EBA publishes final Report on the amendment of its technical standards on the exemption to strong customer authentication for account access

The European Banking Authority (EBA) published today its final Report on the amendment of its Regulatory technical standards (RTS) on strong customer authentication and secure communication (SCA&CSC) under the Payment Services Directive (PSD2). The changes introduce a new mandatory exemption to SCA that will require account providers not to apply SCA when customers use an account information service provider (AISP) to access their payment account information, provided certain conditions are met. The amendment aims to reduce frictions for customers using such services and to mitigate the impact that the frequent application of SCA and the inconsistent application of the current exemption have on AISPs’ services.

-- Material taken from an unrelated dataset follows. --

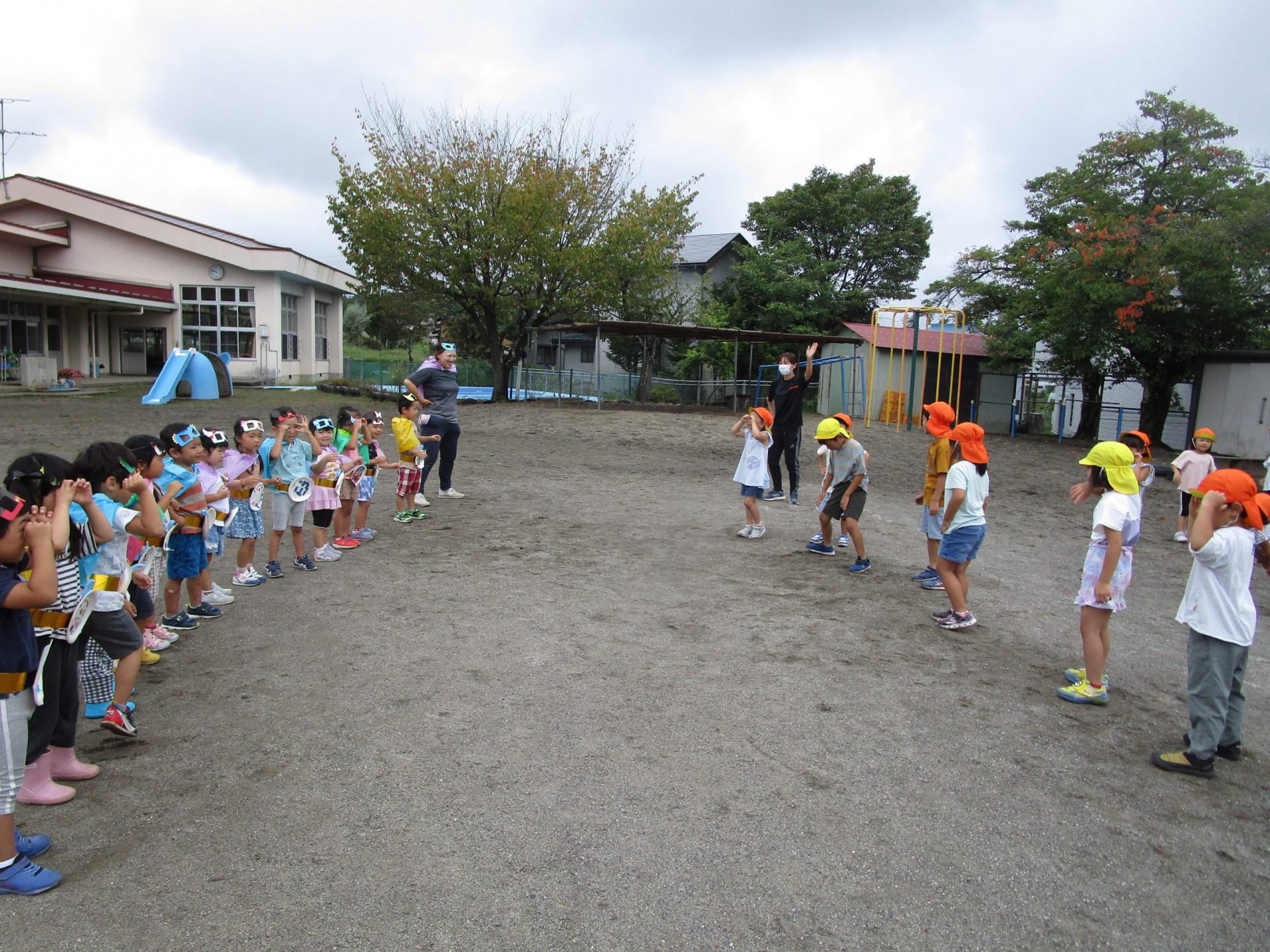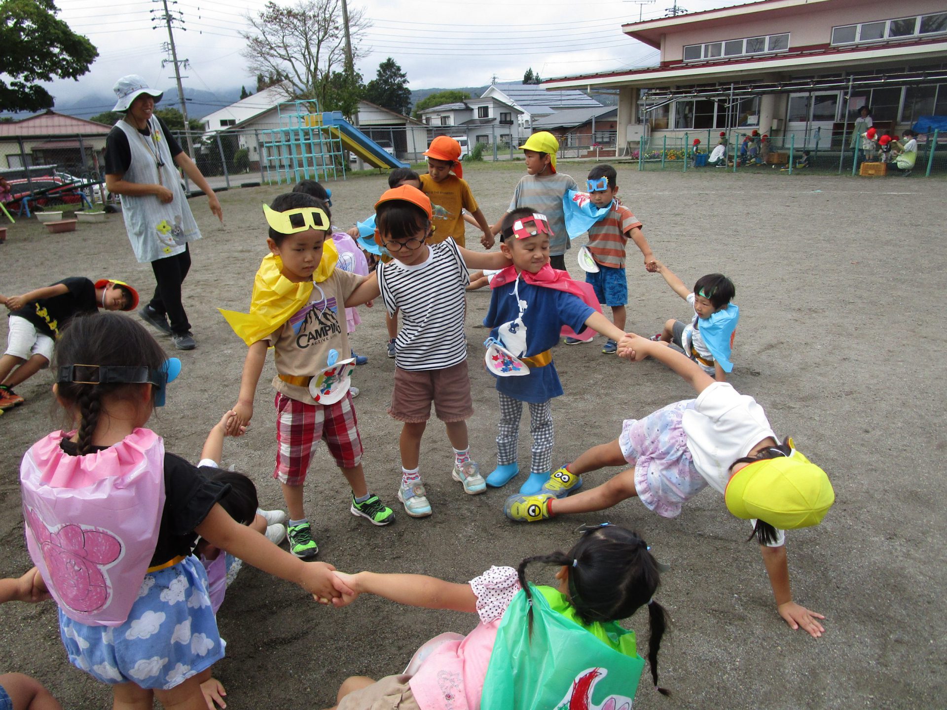 園庭に曲が流れると一斉に真ん中に集まり踊り始める子ども達。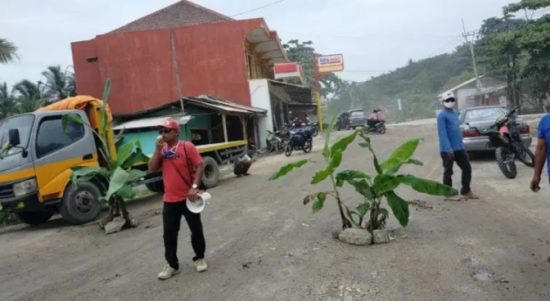 LEBAK–Dengan menanam pohon pisang di jalan dan melarang kendaran perusahaan untuk masuk, sejumlah warga melakukan aksi penutupan ruas Jalan Raya Cibayawak-Sawarna. Aksi

Following a public consultation that has attracted more than 1,200 responses, as well as an extensive analysis of such feedback, the EBA has introduced some changes to the draft amending RTS, while retaining the mandatory exemption and the extension of the frequency for the renewal of SCA from every 90 days to every 180 days proposed in the Consultation Paper.

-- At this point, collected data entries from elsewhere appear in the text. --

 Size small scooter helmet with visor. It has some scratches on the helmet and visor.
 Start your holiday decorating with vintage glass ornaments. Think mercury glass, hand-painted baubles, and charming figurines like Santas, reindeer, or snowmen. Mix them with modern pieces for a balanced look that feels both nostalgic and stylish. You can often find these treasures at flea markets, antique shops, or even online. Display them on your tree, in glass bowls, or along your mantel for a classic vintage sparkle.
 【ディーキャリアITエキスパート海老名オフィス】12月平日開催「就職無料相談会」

These amendments are those that the EBA is legally in a position to make to address the issues identified. Other mitigations to address these issues are conceivable but would require changes to the Directive itself, which is beyond the EBA’s powers.

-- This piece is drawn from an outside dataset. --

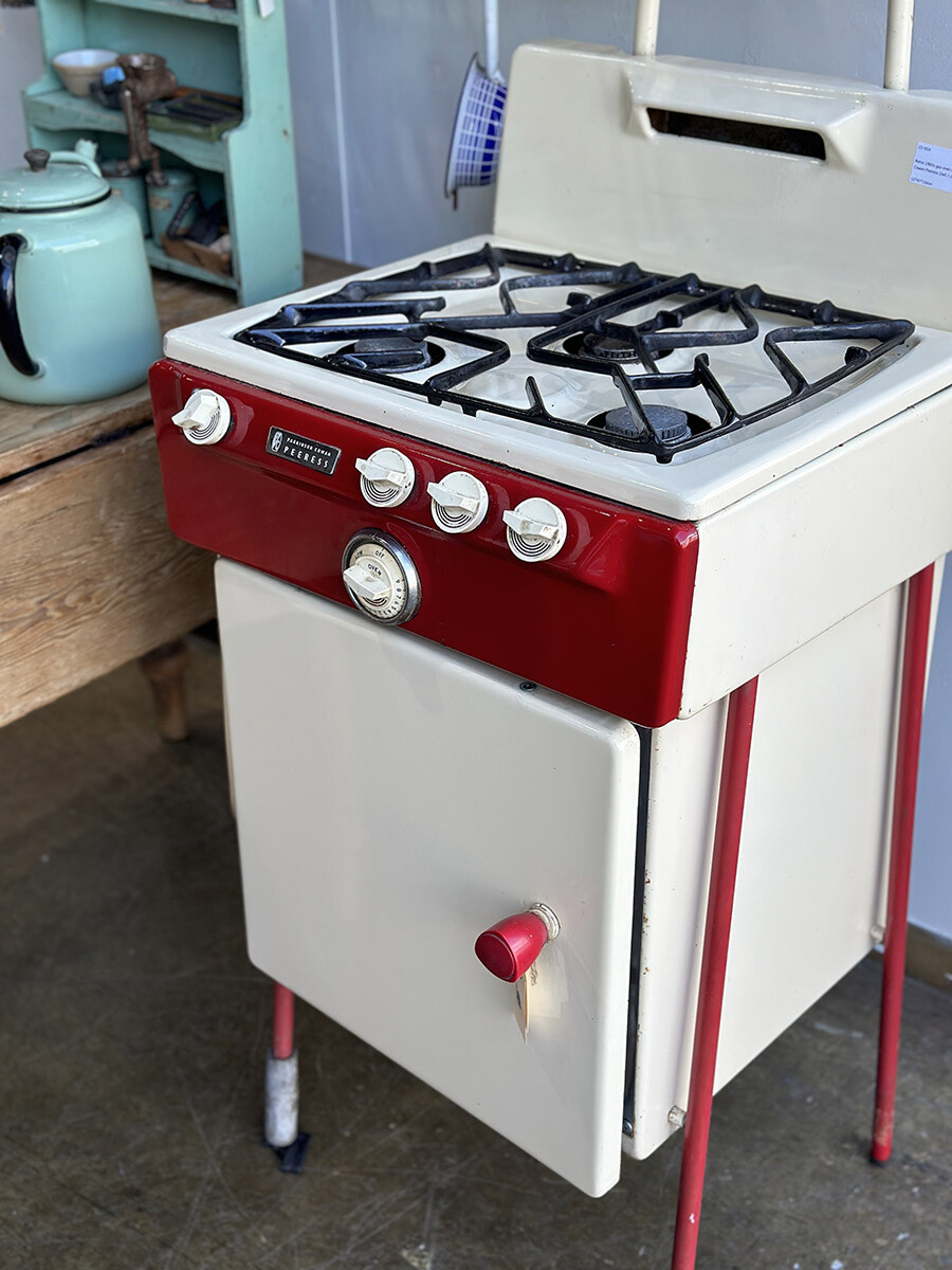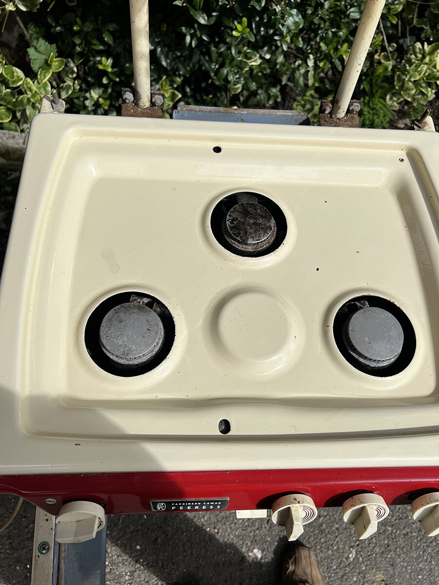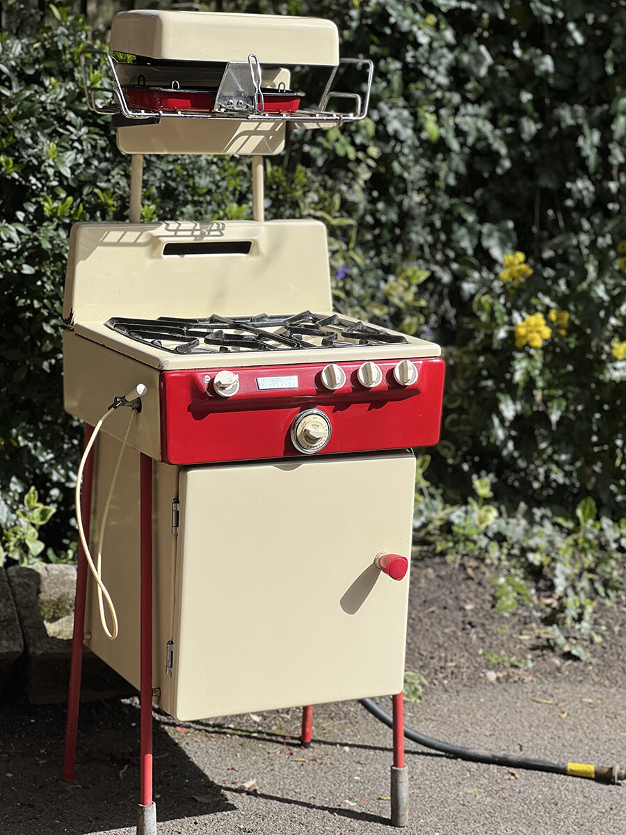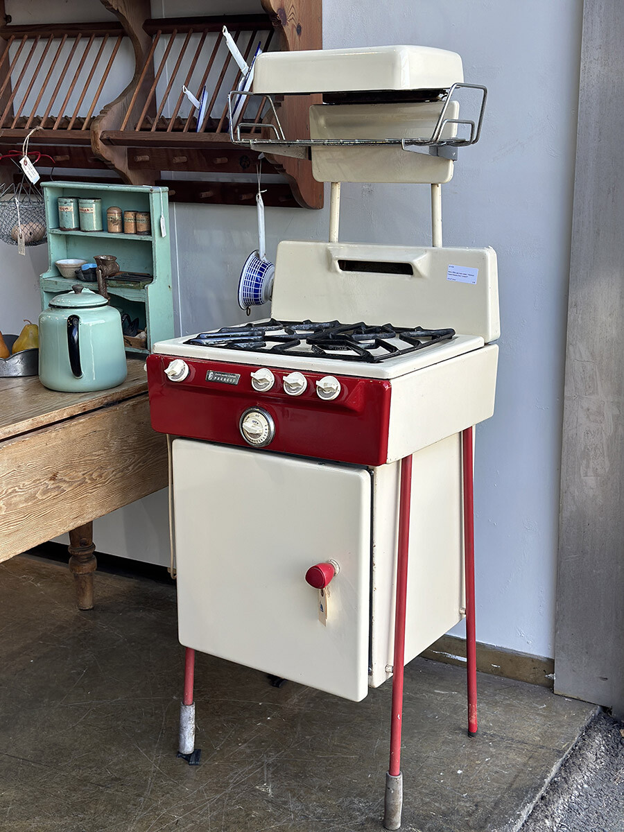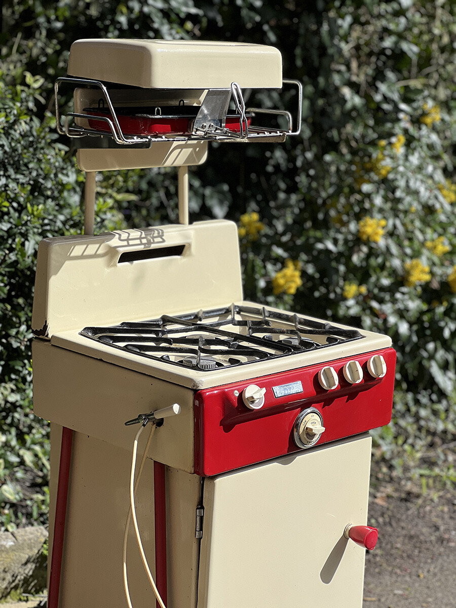 1960년대의 레트로 감성이 풍부한 피어리스(PEERESS) 가스 오븐 쿠커입니다. 파킨슨 코완 피어리스 주식회사는 1900년 영국에서 시작된 프리미엄급 가스 오븐 메이커로, 1970년 이후 일렉트로룩스 계열로 합병되면서 긴 역사를 마감했지만, 빈티지 마니아들에게 사랑 받는 브랜드로 남아있습니다. 해당 모델은 1950~1960년대에 보급되었던 모델입니다. 최상단에는 그릴, 중간부에 레인지 쿡탑, 하부 캐비넷처럼 보이는 부분은 오븐입니다.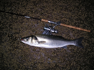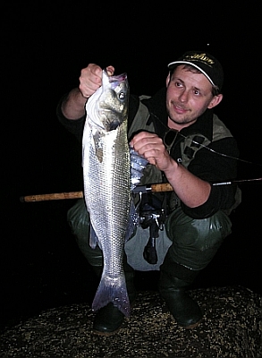 Bassy podeszły na 30 min. przed zmierzchem. Zobaczyłem kilka spławów ryb i zaraz poczułem delikatne branie, oczywiście na pomarańczowego Mannsa. Po zacięciu ryba jakby się chwilę zastanawiała co robić i ruszyła z takim impetem, że mało nie spadłem z głazu do wody. Po kilkunastometrowym odjeździe po prostu spadła...A spadła dlatego, że wyprostowała hak mojej główki (Sasame Nr 1). Następna ryba po zacięciu wjechała w zielsko na dnie i niestety po kilku minutach szarpaniny zerwałem żyłkę.

The amendments to the RTS are envisaged to apply 7 months after the publication of the amending RTS in the Official Journal of the EU.

Legal basis and background

• In fulfilment of the mandate in Article 98(1) of the PSD2, the EBA has developed the RTS on SCA&CSC which specify the requirements of SCA and the exemptions to SCA. The RTS were submitted to the European Commission (EC) in January 2017 and apply as of 14 September 2019.
• The EBA has developed these draft amending RTS in accordance with Article 98(5) of the PSD2, which provides that the EBA shall review and, if appropriate, update the RTS on SCA&CSC on a regular basis in order, inter alia, to take account of innovation and technological developments, and also in accordance with Article 8(1)(ka) of the EBA Founding Regulation, which provides that the EBA shall publish on its website, and update regularly, all its regulatory technical standards.